In this classic study of cultural confrontation Professor Momigliano examines the Greeks' attitude toward the contemporary civilizations of the Romans, Celts, Jews, and Persians. Analyzing cultural and intellectual interaction from the fourth through the first centuries B.C., Momigliano argues that in the Hellenistic period the Greeks, Romans, and Jews enjoyed an exclusive special relationship that guaranteed their lasting dominance of Western civilization.
What was the nature of the cultural (as opposed to the military and political) interactions among the leading cultures of the Mediterranean basin during the first five centuries BCE?
Now that is a big topic, and in a slim volume based on a series of lectures given at Cambridge University and Bryn Mawr College, Alien Wisdom: The Limits of Hellenization (1975), the great Italian classicist Arnaldo Momigliano (1908-1987) provides an introduction to such interactions between the Celts, Romans, Greeks, Jews and Persians (the Egyptians, Phoenicians, etc. receive little attention).

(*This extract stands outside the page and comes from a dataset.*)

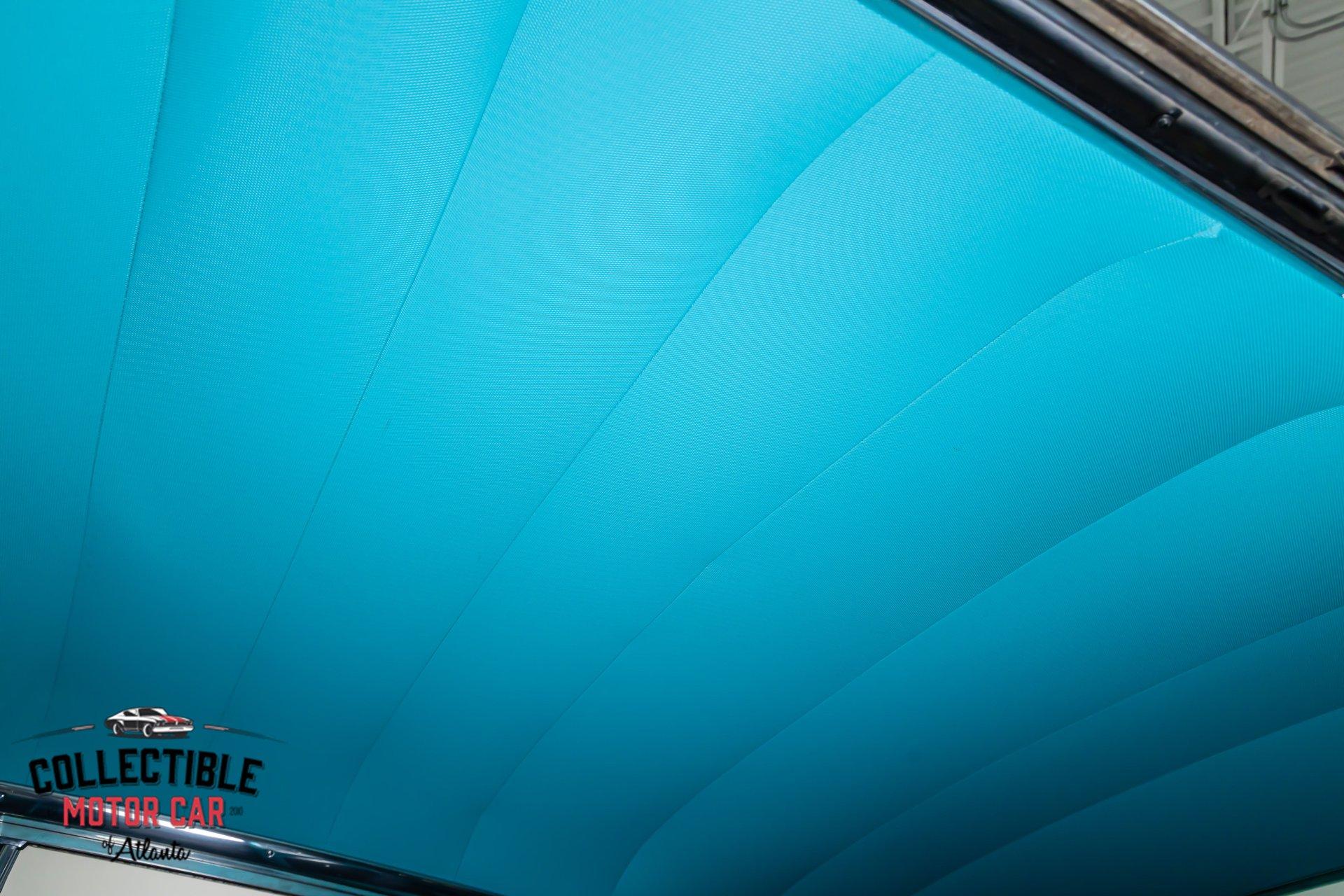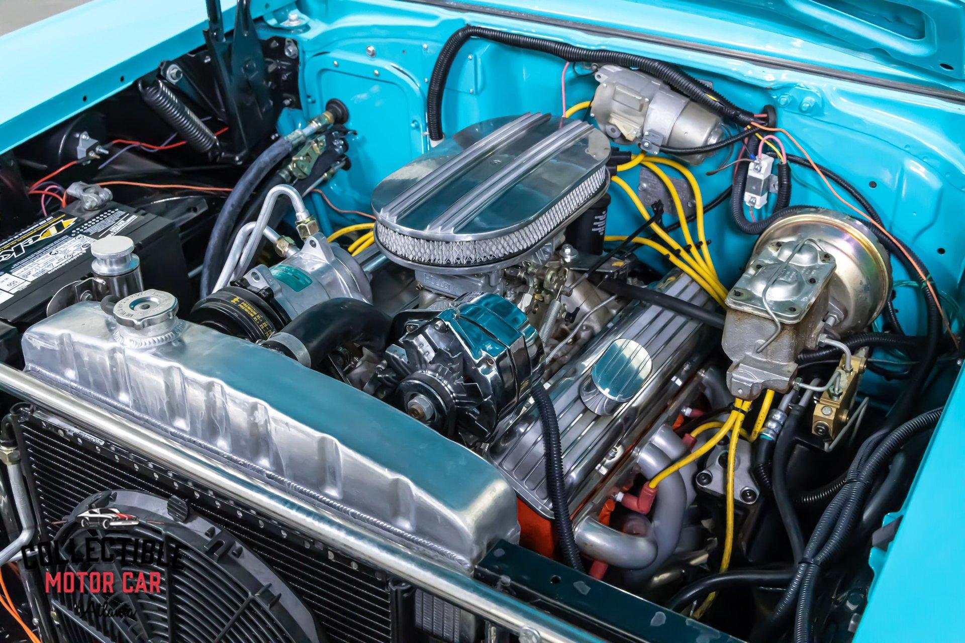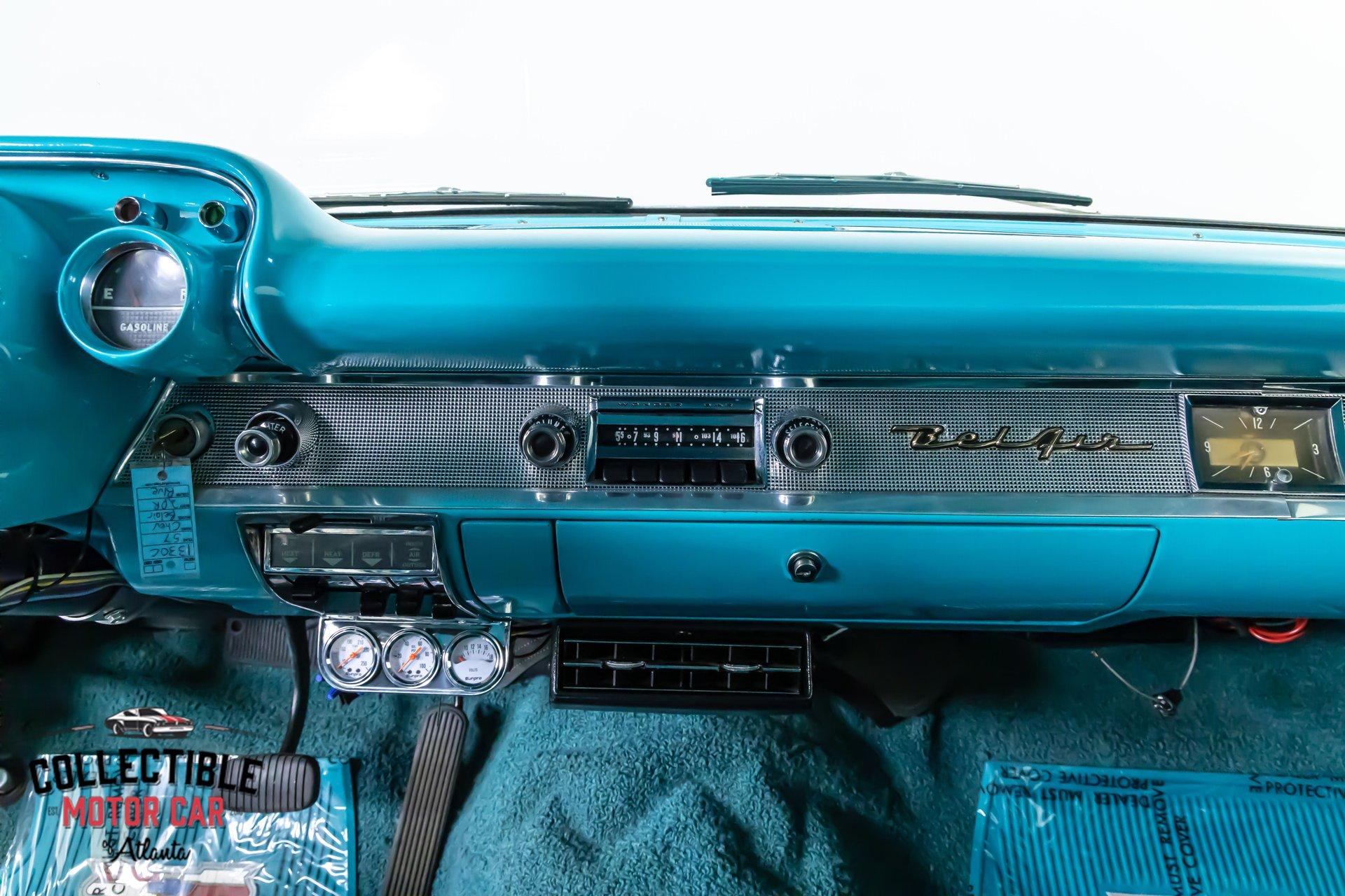 Inside, the turquoise and black interior is exactly what you want to see in a Bel Air. It is bright, period-correct in feel, and full of character. The cabin has been updated with a custom steering wheel and tilt column for a more comfortable driving position, while auxiliary under-dash gauges help keep an eye on vital engine functions. The bench seats, door panels, dash layout, and color combination all work together to deliver that unmistakable mid-century Chevrolet vibe, but with a few upgrades that make it easier to live with.

Using primarily literary, but also archaeological and numismatic evidence, Momigliano paints a fascinating picture of cultural exchanges that are strongly colored by the idiosyncratic characteristics of each culture. For example, though the Greeks were the first ethnographers and had some interest in "barbarians" as strangely incomprehensible creatures whose curious habits were to be marvelled at, they had next to no interest in learning their languages. Indeed, though they had a major colony at Massalia (Marseille) since around 600 BCE, they made little effort to learn about the geography, institutions and economy of their neighbors, foes and trading partners, the Celts (whereas the Celts poured into Massalia to learn about Greek culture). On the other hand, the Romans weren't interested in anyone until they were ready to conquer them (or the Other was trying to conquer them), whereupon they began studying them carefully, including learning their languages. But the Romans usually hired foreign scholars to do the studies for them; ironically enough, when they became interested in the Celts of Gaul and Spain, they hired Greeks to do the work. Finally, Greeks penetrated into the interiors away from their familiar coasts! Momigliano directly suggests that a significant contributing factor to the decay of the Hellenistic empires was the Greek monolinguism, whereas the Roman willingness to learn everything about their foes, including their language, correspondingly contributed to the rise of the Roman Empire.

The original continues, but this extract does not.